- Problem to solve -
Quote exactly and only this range of lines in the data below: the line that holds "Ники Минаж се" to the line that holds "Dorf - Panorama", both included.

- Data excerpts -
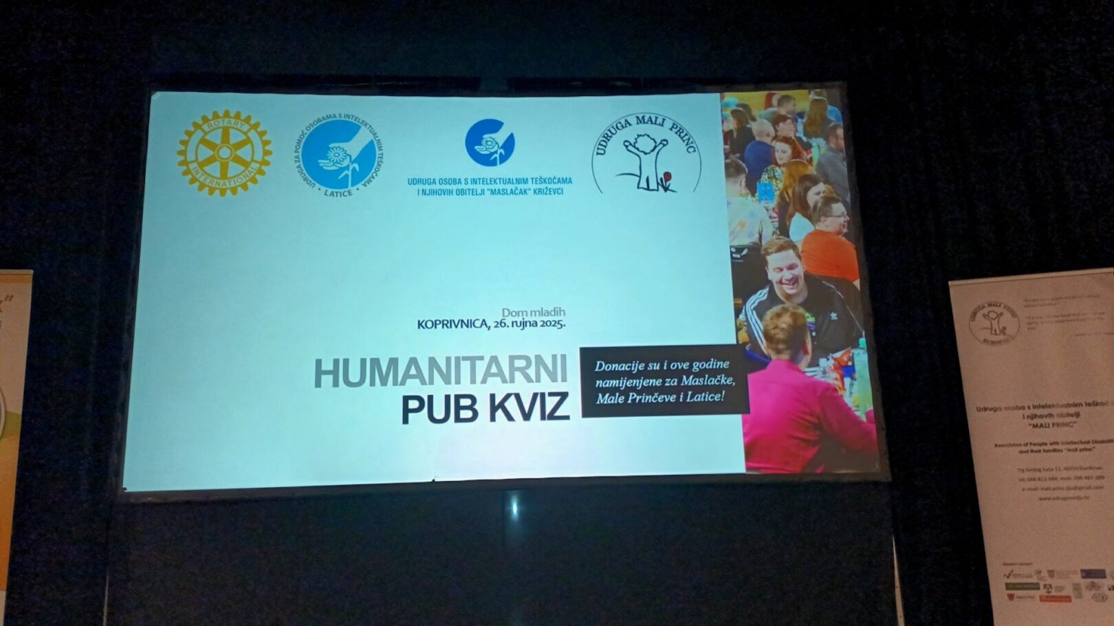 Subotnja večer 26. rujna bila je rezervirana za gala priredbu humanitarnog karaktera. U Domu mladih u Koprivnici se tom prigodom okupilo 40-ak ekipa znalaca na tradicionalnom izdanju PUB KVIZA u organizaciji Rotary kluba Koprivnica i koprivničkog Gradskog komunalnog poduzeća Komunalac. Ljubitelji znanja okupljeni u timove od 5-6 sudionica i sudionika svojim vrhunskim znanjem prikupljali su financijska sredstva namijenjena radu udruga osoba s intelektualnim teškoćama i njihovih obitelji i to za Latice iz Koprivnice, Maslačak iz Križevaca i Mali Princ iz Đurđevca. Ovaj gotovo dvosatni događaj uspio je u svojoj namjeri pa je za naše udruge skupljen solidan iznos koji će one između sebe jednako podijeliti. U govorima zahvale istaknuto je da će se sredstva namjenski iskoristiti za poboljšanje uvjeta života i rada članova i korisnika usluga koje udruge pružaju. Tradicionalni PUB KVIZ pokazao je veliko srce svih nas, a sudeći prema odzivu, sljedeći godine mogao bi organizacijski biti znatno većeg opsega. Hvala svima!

---

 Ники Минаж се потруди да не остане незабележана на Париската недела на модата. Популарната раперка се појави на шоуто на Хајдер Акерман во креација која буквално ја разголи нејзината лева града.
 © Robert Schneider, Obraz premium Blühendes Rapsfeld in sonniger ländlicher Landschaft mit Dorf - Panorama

- Response below -
 Ники Минаж се потруди да не остане незабележана на Париската недела на модата. Популарната раперка се појави на шоуто на Хајдер Акерман во креација која буквално ја разголи нејзината лева града.
 © Robert Schneider, Obraz premium Blühendes Rapsfeld in sonniger ländlicher Landschaft mit Dorf - Panorama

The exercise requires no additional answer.